Separatist Beer Project opens its South Philly tasting room
The popular Easton brewery wants to cater to its core customers.
Separatist Beer Project, the Easton-based brewery that started as a gypsy wholesaler and canner using other company’s equipment, has come to Philadelphia to open its second tasting room.
It’s on the ground floor of a new building at 1646 S. 12th St., at the corner of 12th and Morris Streets, just steps off East Passyunk Avenue. In a previous life before its move, Artisan Boulanger had the location.
Separatist South Philly’s opening will be 4 p.m. April 11.

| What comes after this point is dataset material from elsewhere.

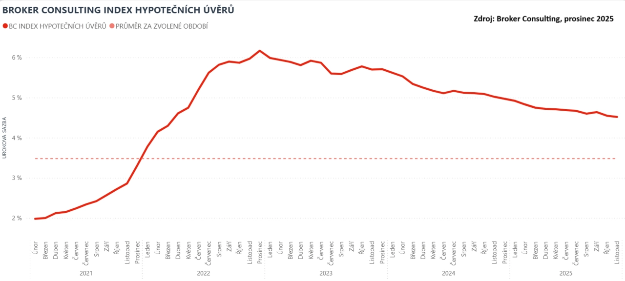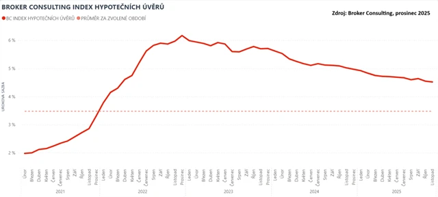 Průměrná úroková sazba hypotečních úvěrů v Česku po zářijovém jednorázovém zvýšení druhý měsíc v řadě míří dolů. Podle Broker Consulting indexu hypotečních úvěrů činila průměrná nabídková sazba v listopadu 4,52 %. To představuje pokles o tři bazické body oproti říjnové hodnotě. S výjimkou září se celý letošní rok vyvíjí ve znamení mírného, ale stabilního zlevňování hypoték.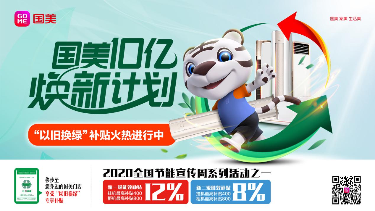 近年來,國家各部委也都在推動綠色消費、綠色生活、綠色產品生產與普及。國家發(fā)展改革委等七部委在去年聯(lián)合印發(fā)的《綠色高效制冷行動方案》中提出,要通過實施“節(jié)能補貼”“以舊換綠”等措施,促進綠色高效制冷消費。為積極響應國家綠色行動號召,加速新能效空調推廣、推動綠色消費,助力綠色生活走進千家萬戶,7月6日起,國美將在全國范圍開展為期2個月的主題為“國美10億煥新計劃”的補貼活動,助力空調“以舊換綠”。

There’s a certain logic to the location, explains owner Joe Fay, 28. “From the get-go, Philly took 95 percent of my beer," he said. “Without the bars and restaurants in Philly, we wouldn’t have a business.”
Fay and his wife, Laura, have set up a wide-open room with a 15-seat bar and mod-meets-retro seating for 70 people, inside and out; high windows open up to Morris Street.
Separatist offers 16 taps — 12 of its own, plus 2 draft cocktails and 2 draft wines. There also is an extensive bottle selection of beers coming from Separatist’s blendery space in Easton that are refermented and conditioned in champagne bottles; they are available to be uncorked and poured right at the bar.
“The other two brewers and I just really love to explore everything beer has to offer and then offer that snapshot here," Fay said. “Everything from the $4 frosted mug of American cream ale all the way to the three-year, barrel-fermented, cab sauv, musked, French oak, champagne bottle beer, which we have, too."
The only food offered is savory pies from Stargazy, the British pie shop around the corner. Separatist doesn’t even have a kitchen. “We’re not in the business of opening restaurants,” he said. “Besides, this neighborhood is one of the hot spots for food in the city.”
Separatist was known as Sole Artisan Ales before rebranding last year. But ale, of course, was not what Separatist was about.
“A separatist,” Fay explained, “is anybody that does not follow the status quo, and the status quo is something that is evolving rapidly in beer. When I got into beer almost 11 years ago [he was brewing as a teen], we were rallying against big beer and macro lagers and cheap ingredients, and really not having a wide variety of offerings."
"Fast forward to today, you see some of those same things replicated. The style of IPA, which was once a beer style that very few brewers made, it was very esoteric, is now the majority of what people are putting on their tap list. We always want to be offering what people want and then exploring and pushing those boundaries as well, and separating ourselves from the others. Creating our own path.”
Hours: 4 to 11 p.m. Monday to Thursday, 4 p.m. to midnight Friday, noon to midnight Saturday, and noon to 8 p.m. Sunday.